For enough time and money dumped into code auditing and hiring smart people, no. Not that most companies should do that, but it is possible if you want to pay for it. Most companies (rightly) prioritize innovation, scalability and profit margins over absolute reliability.
How many of those top sites actually prioritized reliability? Is it even justifiable for their business models? I bet you can find a lot better reliability engineering in bank, credit, and stock systems. For example, when was the last time the Visa credit network crashed (as a whole, not localized outages)? Nasdaq?
Aiming at 100% uptime opens up all sorts of scope issues. Consider that 'failover' does technically cause a small amount of downtime as you restart the session. If you acknowledge that, it throws out most of the current model of fault tolerance from helping you acheive 100% uptime.

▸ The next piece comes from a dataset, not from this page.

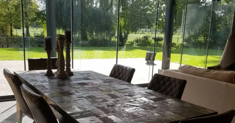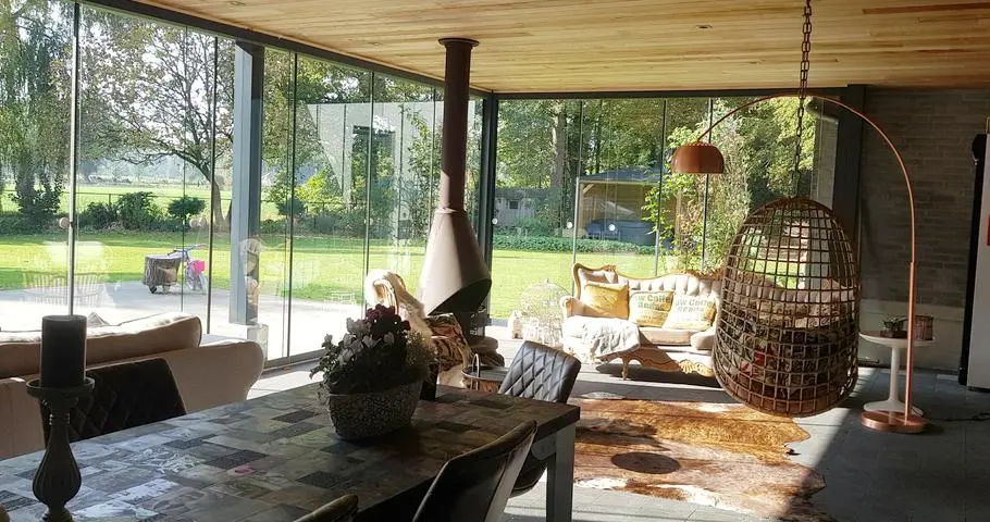 Overdekt tuinterras met afsluitbare glaswand zowel voor zomer als winter te gebruiken

It's not different from any other system really. Try designing a car that can drive 100% of the time? Or a power grid that's up 100% of the time.

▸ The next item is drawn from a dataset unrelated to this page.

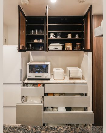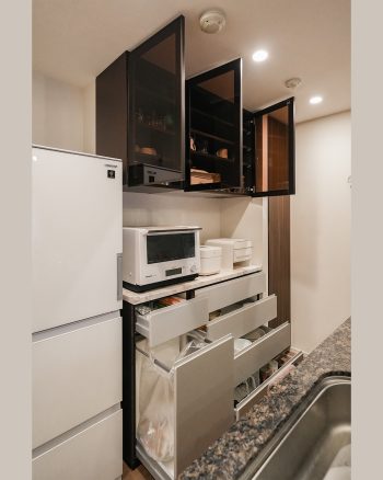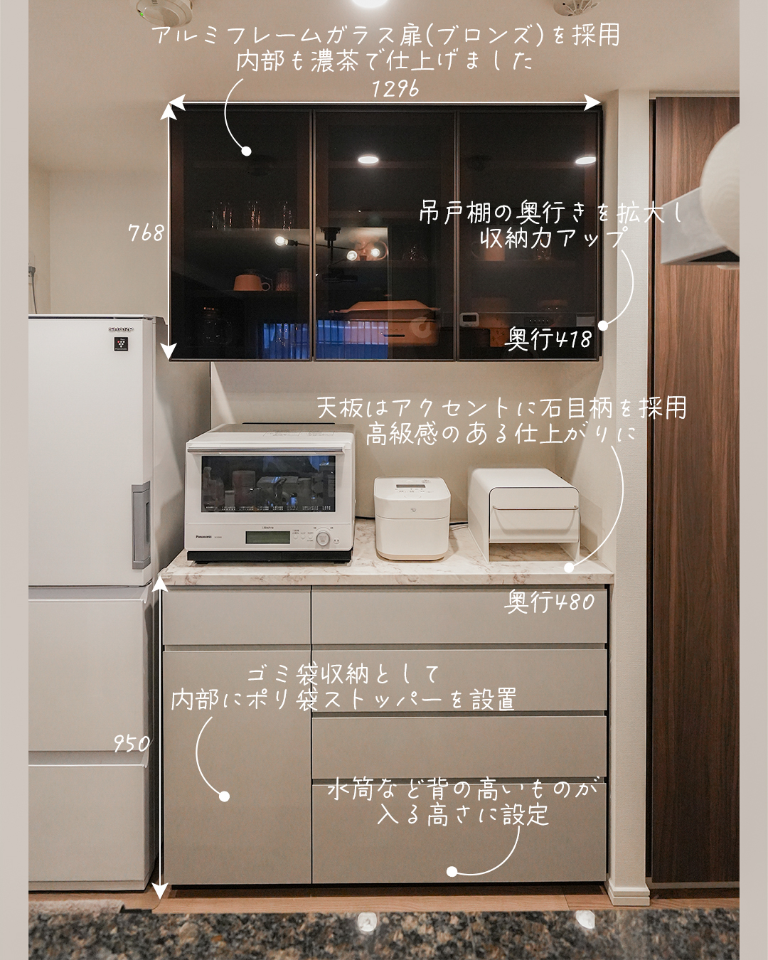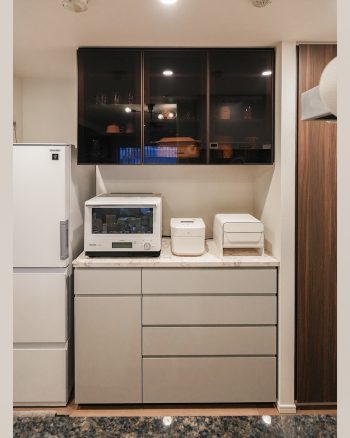 ブロンズカラーのガラス扉と石目柄の天板を組み合わせ、上質感と収納力を両立させたキッチン収納に仕上げました。

100% uptime is not an operational requirement – it's contractual. A client that demands 100% uptime isn't being unreasonable; they're looking for a contract remedy (most likely a termination right) if/when the site goes down.
1. "Uptime" is defined in many, many ways. In the OP's article, it's the definition of uptime that seems unreasonable. Normally, the demarc points for the network segments and equipment being measured for uptime are entirely within the provider's control. In the OP article's update, the client clarified that 100% uptime only applies when hosting is cut over to the provider's site – something they are (theoretically) capable of controlling.
2. Remedies for failing the uptime requirement are different for nearly every agreement. Often SLA credits are the exclusive remedy. Sometimes the customer has a termination right (either express, or through the termination for cause provision). The remedy is probably more important than the uptime percentage.
You'd be surprised how many big name web apps offer 100% uptime as a matter of contract, knowing that it's a near-impossible operational goal. It's a matter of taking on the risk of your customer leaving you or claiming SLA credits, or whatever remedies you agree upon.
EDIT: I've represented a whole lot of customers of web services over the years (IAAL). The big lesson in this area for me is: (1) customers rarely invoke SLA credits, preferring instead to "work it out" at the relationship level, and (2) most provider off-the-shelf SLAs are so full of holes and tricky thresholds that they are effectively useless. On this last point, beware the 100% or five nines or other unreasonably high uptime commitment. When you get into the details of the SLA (the demarcs, the qualifications for obtaining credits, the remedies for failure), you will almost always find that there is no realistic remedy at all.
N.B. Meant to edit my comment above, not self-respond.
Laypersons often misunderstand that there's a difference between promising 100.00000% and delivering 100.00000%.
The client needs to understand what their contractual remedy is when the promise falls short, and the method that will be used for evaluating the difference between the promise and the delivery.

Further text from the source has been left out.